3. What is Dubai's equivalent to Best Buy? Where can I buy electronics, computers, routers, printers?

- jumbo, sharaf DG, jacky's, carrefour, lulu, computer souk area, etc

4. What is Dubai's equivalent to Staples? Where can I buy office supplies, stationary?

- Cant think of a name, but I am sure there is something...since there are a ton of offices here...

regards


----------



## 4drsupra (Sep 1, 2010)

hey another canadian moving too...you staying in dubai?


----------



## Guest (Sep 23, 2010)

You will find electronics much more expensive here than in Canada. Buy anything there you need. Most electronics now work on both voltages 

You asked about chargers - do you mean transformers? If some of your things only work on 110/120, you will need a transformer.

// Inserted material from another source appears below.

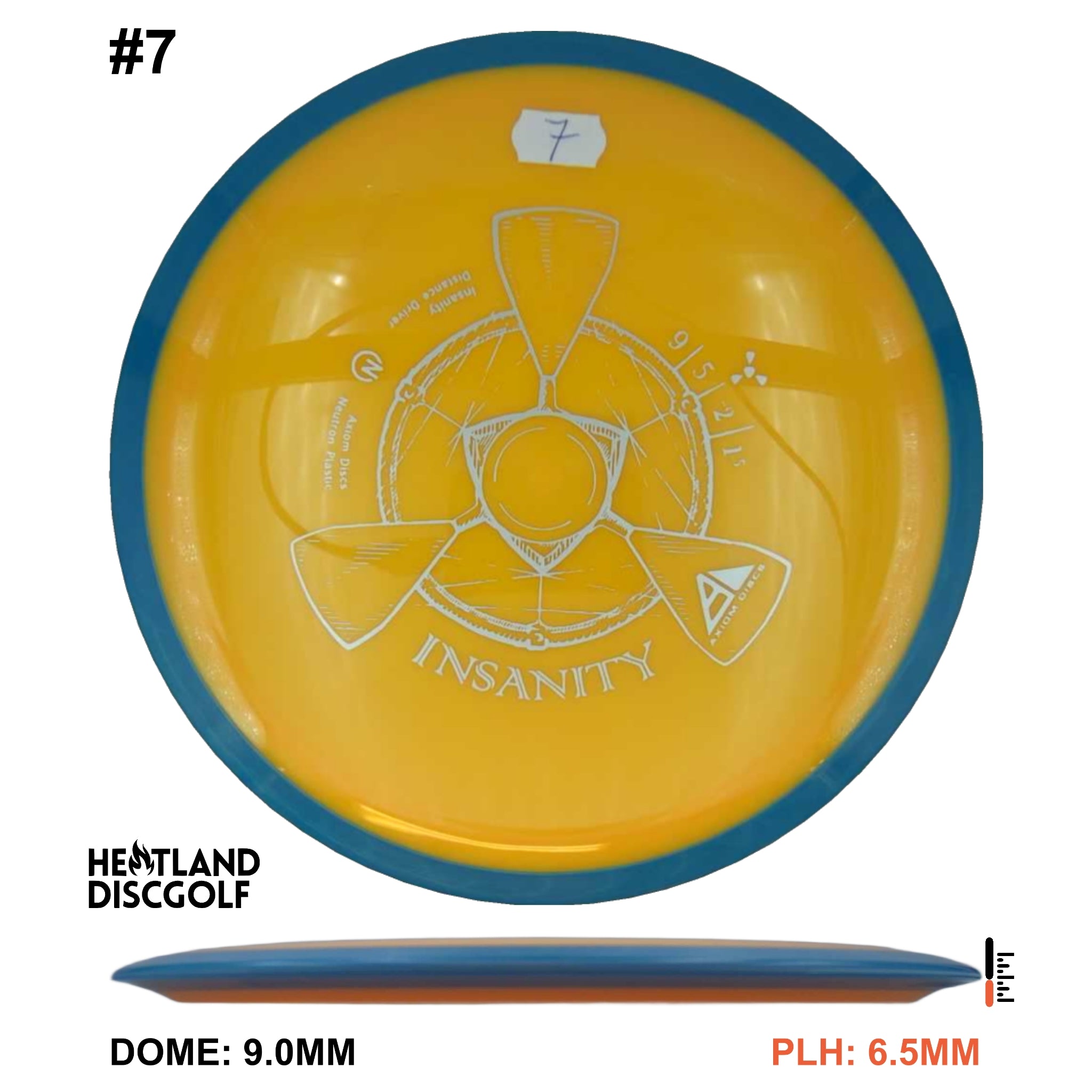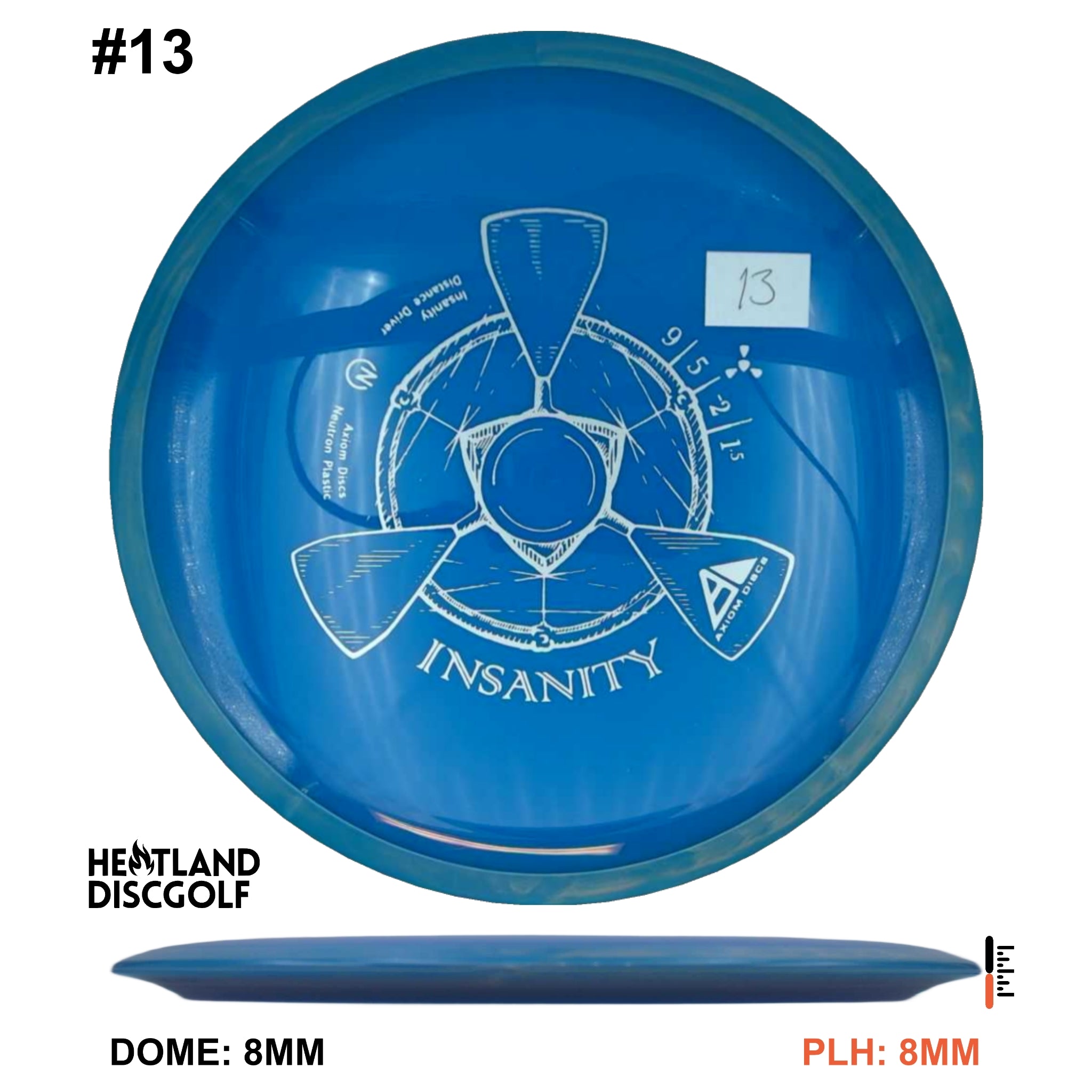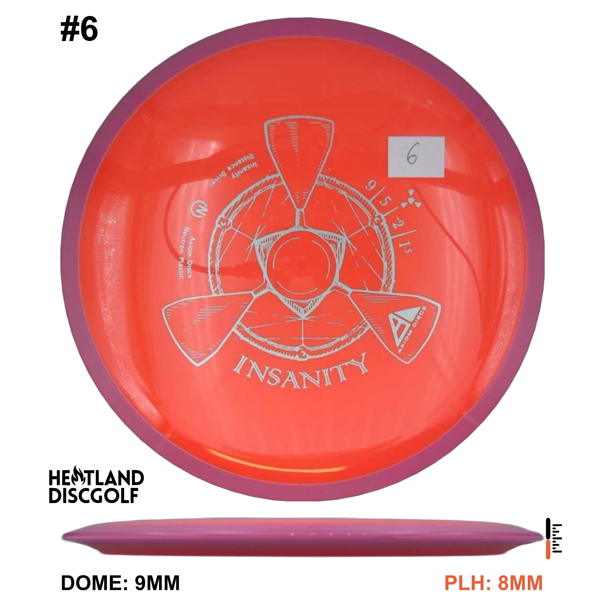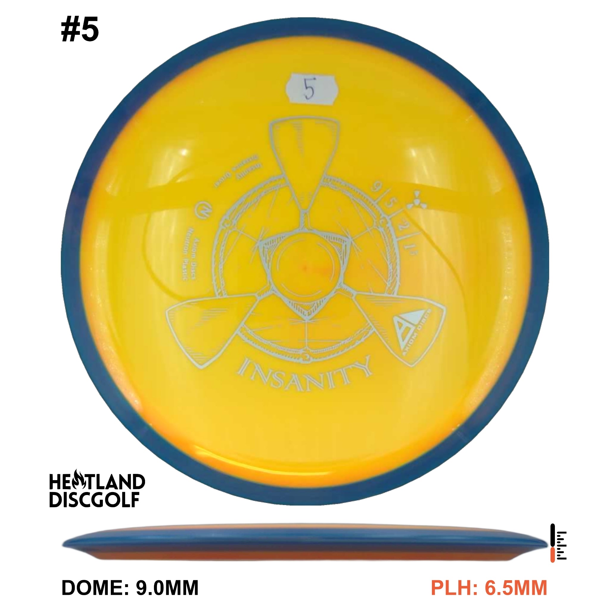 The Insanity is Axiom's first distance driver with a 20mm rim width. This disc is slightly less stable than the ultra popular MVP inertia. If you're looking for a straight flying GYRO driver with loads of attractive color options, you might as well try Insanity.

If, for example, your electric toothbrush is 120, you won't be able to use a charger bought here because it will be 240. A transformer will change the power output or input as necessary.

If they are dual voltage though, you shouldn't need a charger, only an adapter for the wall sockets which are different, although you can get multi socket extension cords that will fit most types of plugs

sorry I can't give suggestions for the other things


----------



## Jynxgirl (Nov 27, 2009)

Do not skimp on the cheap transformers. You really do get what you pay for with them.


----------